The parties acknowledge that a test strip that measures total
cholesterol, of which a fraction is HDL, but does not measure HDL independently
is not considered an HDL Product. The parties acknowledge that a test strip,
such as a full lipid panel test strip, that measures HDL independently along
with other blood components is an HDL Product.
3.2 The Royalty will not apply to HDL Products sold by Polymer outside
the OTC market, nor to Polymer's sales, if any, to Lifestream.
3.3 The Royalty will not apply to Polymer's full lipid panel products
OTC sales after December 31, 2005.
3.4 Royalty Payments under this Agreement will be based on revenues
actually received by Polymer, will be computed on a calendar quarterly basis,
and will be due and payable to Lifestream thirty (30) days after the end of each
quarter for revenues actually received by Polymer during the immediately
preceding calendar quarter. A final Royalty Payment will be due and payable to
Lifestream thirty (30) days after termination of this Agreement.

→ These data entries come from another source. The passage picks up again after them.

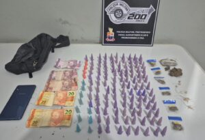 O suspeito foi alcançado e detido na Rua Reinaldo Ferreira. Com ele, os policiais localizaram um saco plástico contendo uma quantidade variada de substâncias ilícitas e dinheiro em espécie.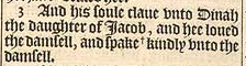 3 And his soule claue vnto Dinah the daughter of Iacob, and hee loued the damsell, and spake +kindly vnto the damsell. [ +Hebr. to her heart. ]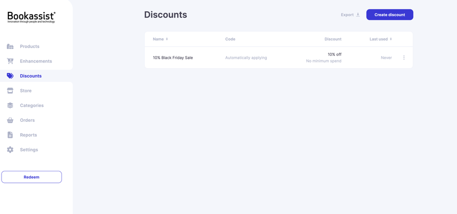 After you have made a discount, the page will display a list of your active and draft discounts.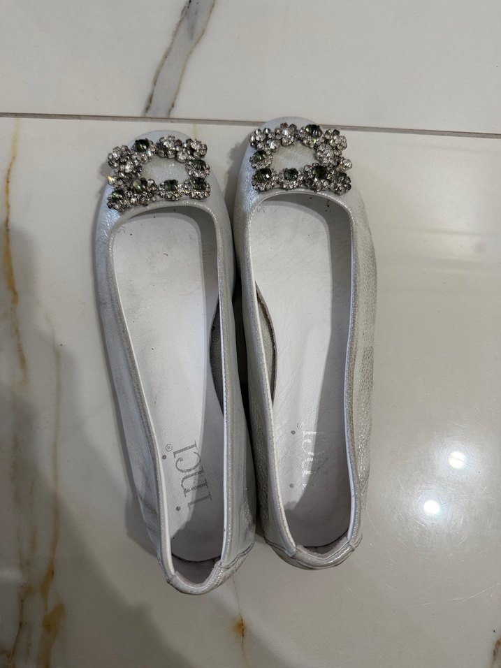 Beyaz rubber malzemeden yapılmış, tokalı ve dolgu topuklu kadın babetler. Minimalist ve çağdaş tarzda, düğün için uygun, desensiz tasarım.Düğünümde giydim sadece.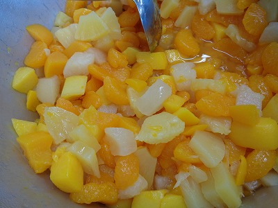 フルーツカクテルは、みかん、黄桃、パイナップル、なしのシロップ漬けを合わせています。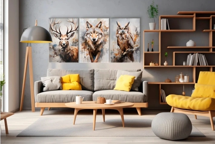 Šis modernus trijų dalių paveikslas (triptikas) atspausdintas ant aukštos kokybės drobės. Kiekviena dalis vaizduoja skirtingą laukinės gamtos motyvą: elnią, vilką ir pelėdą. Paveikslai sukurti skandinavišku stiliumi, naudojant natūralius miško elementus, kurie užpildo gyvūnų siluetus. Centrinė dalis išryškina nuostabų laukinio miško vaizdą, suteikiantį gylio ir harmonijos pojūtį. Ši dekoracija puikiai tiks svetainėje, miegamajame ar darbo kambaryje, suteikdama erdvei gaivumo ir estetikos.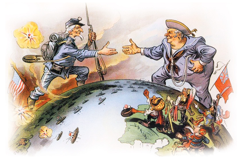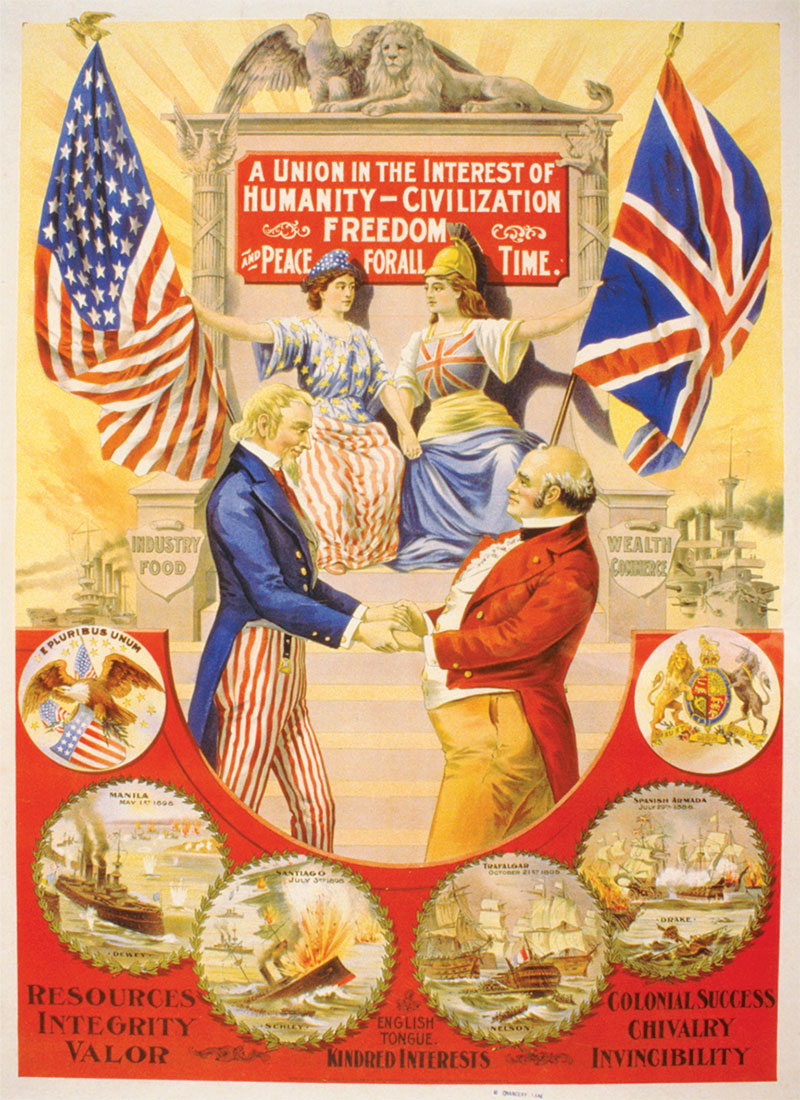 İngiliz derin devletinin ABD üzerindeki etkisi, Büyük Yakınlaşma (Great Rapprochement) olarak adlandırılıyordu. İngiltere'yi sembolize eden John Bull ve ABD'yi temsil eden Sam Amca tiplemelerinin el ele verdiği propaganda posterleri her yerdeydi. |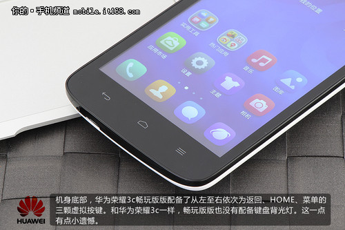 机身底部,华为荣耀3c畅玩版版配备了从左至右依次为返回、HOME、菜单的三颗虚拟按键。和华为荣耀3c一样,畅玩版版也没有配备键盘背光灯。这一点有点小遗憾。正面方面就可以看出华为荣耀3c畅玩版采用了更大的圆角设计。和前作完全不同。
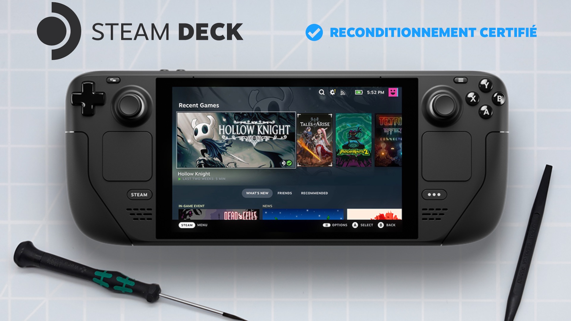 « Économisez jusqu’à 20 % en achetant un Steam Deck reconditionné et entièrement testé », annonce Valve sur la page de sa console portable. Depuis le 8 août 2023, il est possible d’acheter des Steam Deck reconditionnés. Ce qui permet au produit d’être plus accessible que jamais, en descendant sous la barre des 350 € pour la version de base (64 Go, que l’on déconseille). De cette manière, Valve évite le gaspillage, sachant que « tout Steam Deck reconditionné certifié a été dument examiné et répond aux mêmes standards de qualité que n’importe quel Steam Deck neuf destiné à la vente ».

3.5 Polymer will keep appropriate accounting records of revenues
actually received from OTC sales of HDL Products.
3.6 Polymer will accompany each Royalty Payment with a written Royalty
Report stating the revenues received by Polymer from OTC sales of HDL Products
and showing the computation of the Royalty Payment.
3.7 If Polymer OTC sales of HDL Products subject to Royalty Payments
during a particular quarter result in a Royalty Payment obligation of $100 or
less, then Polymer need not provide Lifestream with a Royalty Report.
3.8 Lifestream will have the right to reasonably audit the records of
Polymer supporting the computation of the Royalty Payments. In the event that
any audit reveals an underpayment of any Royalty Payment of ten percent (10%)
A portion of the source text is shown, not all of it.